Integration of Dose for Micronucleus with the Toxicity Study Dose

  1. The most important point of the integration study is the dose levels. Generally, the dose levels of the repeat dose study are lower than those of the standalone or combination micronucleus test. The ICH guideline suggests when mammalian cell assay gives positive or omits mammalian assay, several factors should be evaluated to determine whether the top dose is high enough for the appropriate genotoxicity evaluation. If one or more criteria listed below are considered to be sufficient to evaluate in vivo:

  2. Maximum Feasible Dose (MFD) based on Physico-chemical properties of the drug in the vehicle is similar to that achievable with acute administration.

  3. Limit dose of 1000 mg/kg for studies of 14 days or longer, if this is tolerated.

  4. Maximal possible exposure demonstrated either by reaching a plateau/saturation in exposure or by compound accumulation.

  5. Top dose is ≥ 50 % of the top dose that would be used for acute administration, i.e., close to the minimum lethal dose, if such acute data are available for other reasons. (The top dose for acute administration micronucleus tests is currently described in OECD guidance as the dose above which lethality would be expected.


The micronucleus assay has been most widely used as an in vivo assay as the most reliable assay to assess the induction of chromosomal aberrations, which is one of two major endpoints of mutagenicity, for not only hazard identification but also risk assessment.
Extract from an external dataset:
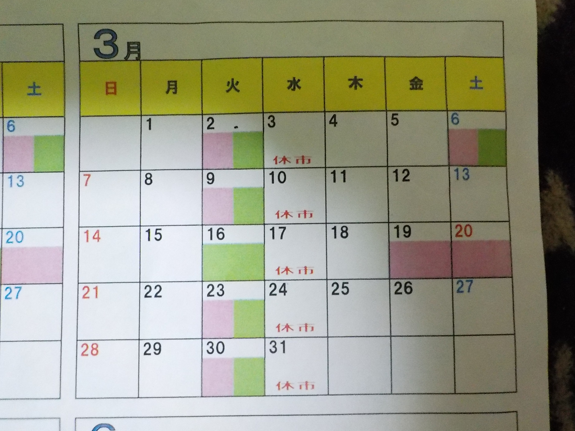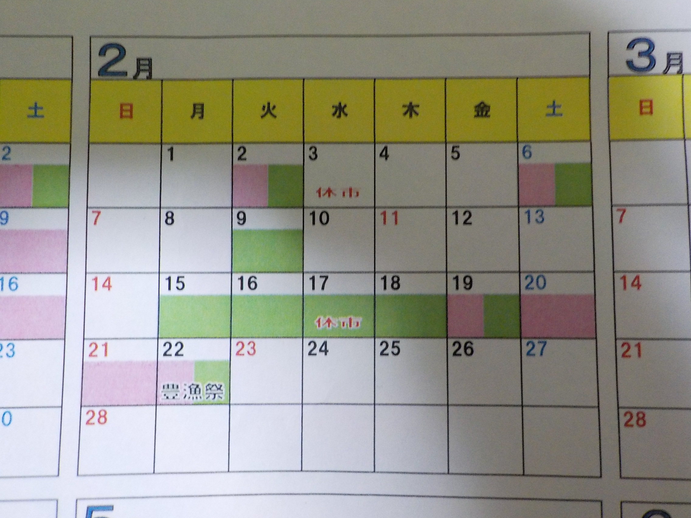 カレンダーの緑色のみ休みです。

Where possible it is advisable to incorporate MNT in the ongoing repeat dose toxicity studies. Also, it is a general consensus to avoid concurrent positive controls, particularly in well-established labs. However, reading coded nonconcurrent positive controls will satisfy the integrity of the study. Most important is to make sure that MNT assessment is conducted at sufficiently high dose of the test item with good systemic exposure. Avoiding concurrent positive control and also integrating MNT in repeat dose toxicity study will reduce the use of animals and makes sense from a scientific point of view. There is no doubt that the assay has more weight in the course of risk assessment than other assays including in vitro mammalian chromosomal aberrations assay, although, it has shortcomings in the view point of animal welfare. At the present time, still animal studies are important for safety assessment of chemicals and the attempts mentioned above should be appreciated to reduce experimental animals.